• 榊原 将/HR Linqs, Inc.

PPPの第2弾の適用企業

下院・上院共で可決された9千億ドルからなる新たな救済パッケージには2,840億ドルがPaycheck Protection Program(PPP)への予算が含まれている。

第2弾のPPPの詳細に関しては、未だ全てが明確になっておらず、引き続き詳細が話し合われている。


現状で確定しているのは以下の内容となっている:


◦ 従業員300名以下の企業


◦ 2020年第1, 2, 3四半期の売り上げが、前年同期比で25%以上の減収


◦ 返済免除とされたPPPローン額は、控除対象


◦ 免除対象:給与、家賃、住宅ローン、光熱費(PPPの第1弾と同じ)、以下拡張されてCOVID-19の連邦政府の安全衛生ガイドラインに準拠するための個人用保護具(PPE)を含む設備費用、ソフトウェアやクラウド費用、運営に必要なサプライヤーへの費用、不動産損失コスト


◦ PPP対象期間:8週間から24週間


◦ 平均月給コストの2.5倍まで(NAICSコードで72から始まるホテルやレストラン業は平均月給コストの3.5倍まで)

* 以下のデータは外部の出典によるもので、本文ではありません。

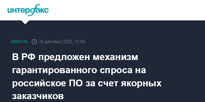 Москва. 19 декабря. INTERFAX.RU - Минцифры РФ предложило ввести новую меру поддержки разработчиков общесистемного и промышленного программного обеспечения (ПО), которая должна обеспечить гарантированный спрос на российские IT-решения за счет якорных заказчиков и предоставить преференции в госзакупках, сообщил журналистам в понедельник глава ведомства Максут Шадаев.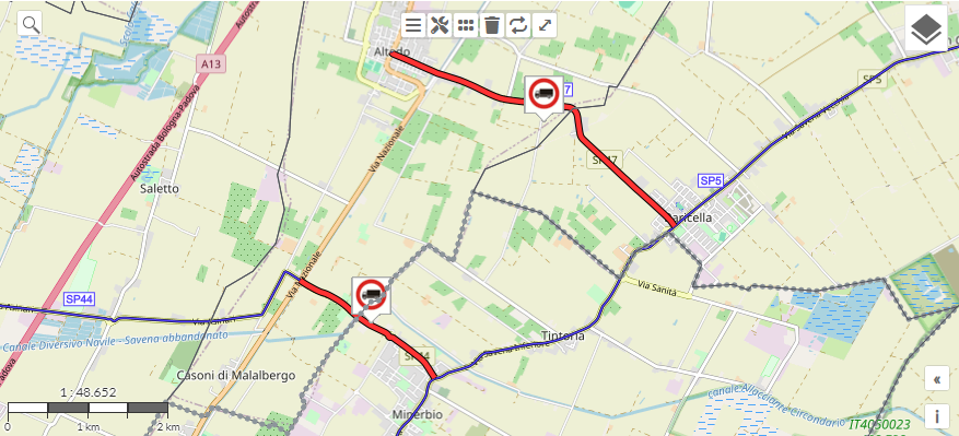 Lungo le strade provinciali SP 47 “Baricella Altedo” e SP 44 “Bassa Bolognese”, nel territorio dei Comuni di Baricella, Malalbergo e Minerbio, in occasione della campagna saccarifera e comunque dal 17/07/2024 al 01/11/2024, si dispone per tutti gli automezzi aventi massa a pieno carico superiore a 3,5 t, l’istituzione di: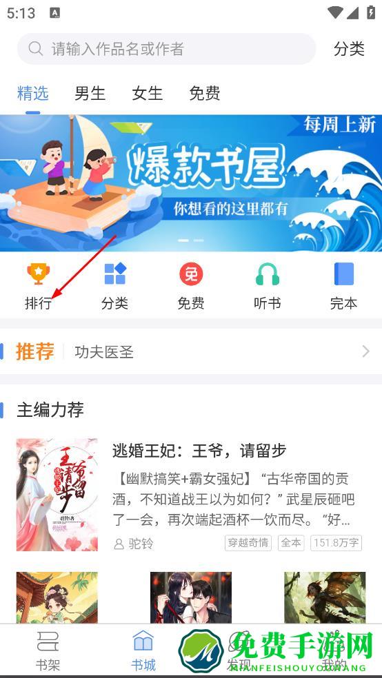 1、进入首页,在书城页面,点击排行,进入排行榜页面。

PPPの第一弾を受給した企業も再度申請をすることが可能だが、既に融資されている金額を全て使用済みか、または、全て使用をする予定がある企業が対象となる。


なお、融資額の上限が第一弾では1,000万ドルであったが、第2弾では200万ドルまで削減されている。


また返済ルールも15万ドル以下の融資額の場合は、引き続き簡易申請手続きが適用されるが、申請時期等含むインストラクションはまだ発表されていない。


上記が発表されてから、すんなりと大統領署名が入り施行されるかと思われたPPPや600ドルのチェックを含む救済パッケージであるが、ここにきてパッケージの内容が手薄であるという理由で大統領が内容の更新を求めており署名をすることを拒否している。


失業保険が消失してしまう労働者が1,200万人、来週月曜日には政府のシャットダウンが起こるため、この数日間で対策がとられることが考えられるものの、引き続き動向を注意深く確認する必要がありそうだ。